Plaintiff further contends that judgment should have been entered for payment to her as assignee of the Associated Almond Growers of Paso Robles of the interest of her assignor in the reserves of the Exchange. The history of the reserves may be briefly outlined: In view of the fact that the Exchange was a nonprofit, nonstock corporation it did not have funds available from the sale of capital stock to be used for working capital and to acquire a plant in which to conduct its operations. To provide working capital with which to make advances to growers before sale of their nuts and for supplies, the reserve for working capital, also known as the suspense account, was established some time prior to 1919. From the amount described as net proceeds to the grower on the annual pool closing statements a further deduction was made, representing a stated percentage of the grower's net proceeds, usually 5 per cent., and held out by the Exchange, and credited to its reserve for working capital. This reserve was placed on a revolving fund basis, the amounts held out in future years being used in part to repay to growers the contributions of prior years to the account. The annual balance sheets of the corporation list the reserve for working capital on the liability side, the amount indicated as the reserve for working capital being the balance of the growers' contributions which had not been repaid to them as of the date of the balance sheet. Interest is paid growers on the unpaid balance of their contributions. A balance of $42,125.75 remained unpaid to plaintiff's assignor as of the date of the answer, comprising deductions for 1927, 1930, and 1931. The deductions for all other years had been repaid.
The reserve for fixed assets, formerly known as the surplus reserve account, similarly is on a revolving fund basis. It was originally built up from excesses of pool charges over actual expenditures, the charges to the pools being based in part on estimates. Such surpluses were credited to this reserve account and the funds thus available used in building the Exchange's plant at Sacramento, with facilities for warehousing, bleaching, shelling, curing, and shipping nuts. From the 1926 crop a deduction representing a percentage of the net proceeds was made from all growers, as in the case of the reserve for working capital, and the reserve for fixed assets was subsequently put on a revolving fund basis. As of the date of the answer herein, of total contributions to this reserve of $53,875.04 made by plaintiff's assignor, $21,210.01 had been returned, leaving a balance of $31,665.03 unpaid. This amount represents deductions for 1926, 1927, 1930, and 1931. Before trial one-half of the 1926 contribution was repaid.
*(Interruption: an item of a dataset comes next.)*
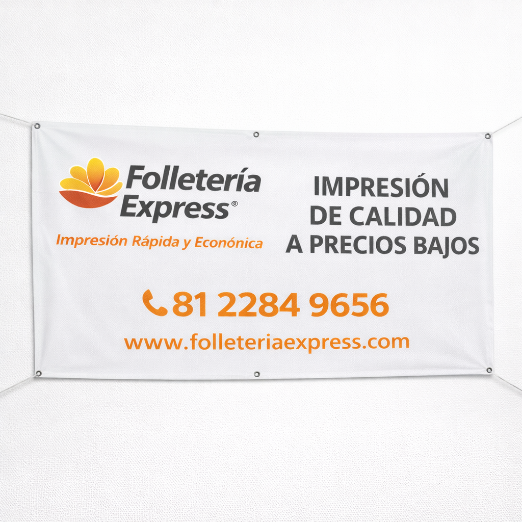 Lona publicitaria. Impresión gran formato para publicidad y señalización. Opciones de resolución según distancia de vista, acabados como laminado, corte, ojillos y refuerzos. Ideal para anuncios, eventos, señalética y decoración comercial.

Section 6 of article 12 of the by-laws provides that funds withheld in the suspense account or revolving funds shall be paid to withdrawing members coincident with like payments to nonwithdrawing members. The defendant Exchange recognizes its obligation under this by-law to pay plaintiff's assignor and other withdrawing members at the same time it shall repay nonwithdrawing members. The lower court sustained the contention of the Exchange that it was not at the time of trial in a position to make repayment of these contributions. We are of the view that its conclusion in this regard must be sustained.
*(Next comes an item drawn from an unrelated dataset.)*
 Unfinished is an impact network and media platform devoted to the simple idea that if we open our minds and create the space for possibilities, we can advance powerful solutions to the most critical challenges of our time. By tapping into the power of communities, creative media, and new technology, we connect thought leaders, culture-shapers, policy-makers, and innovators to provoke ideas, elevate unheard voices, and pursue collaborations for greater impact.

In April, 1932, when plaintiff's assignor and a large number of other growers withdrew from the Exchange, this county was in the midst of the recent economic depression. The 1930 and 1931 crops of almonds had been unusually large and of poorer quality than usual. When plaintiff withdrew in 1932 a substantial part of these crops was still on hand. In the early months of 1933 the pools of 1930, 1931, and 1932 were tentatively closed while nuts of these years remained unsold, in order to make payments to growers for their nuts in advance of the sale of the nuts. The total proceeds to be derived from the sale of the nuts and the total expenses were estimated to compute the amount to be paid growers. It was possible to make this estimated full payment in advance of sale only because of the Exchange's working capital derived from contributions by growers in previous years. The amount of the reserve for working capital and fixed assets, carried on the liability side of the ledger, as noted above, represent the balance not repaid of contributions made by growers to the reserves. The figures are not an amount on hand in cash. The funds realized through the deduction have been invested in the plant and used in making advances to growers in excess of sales proceeds.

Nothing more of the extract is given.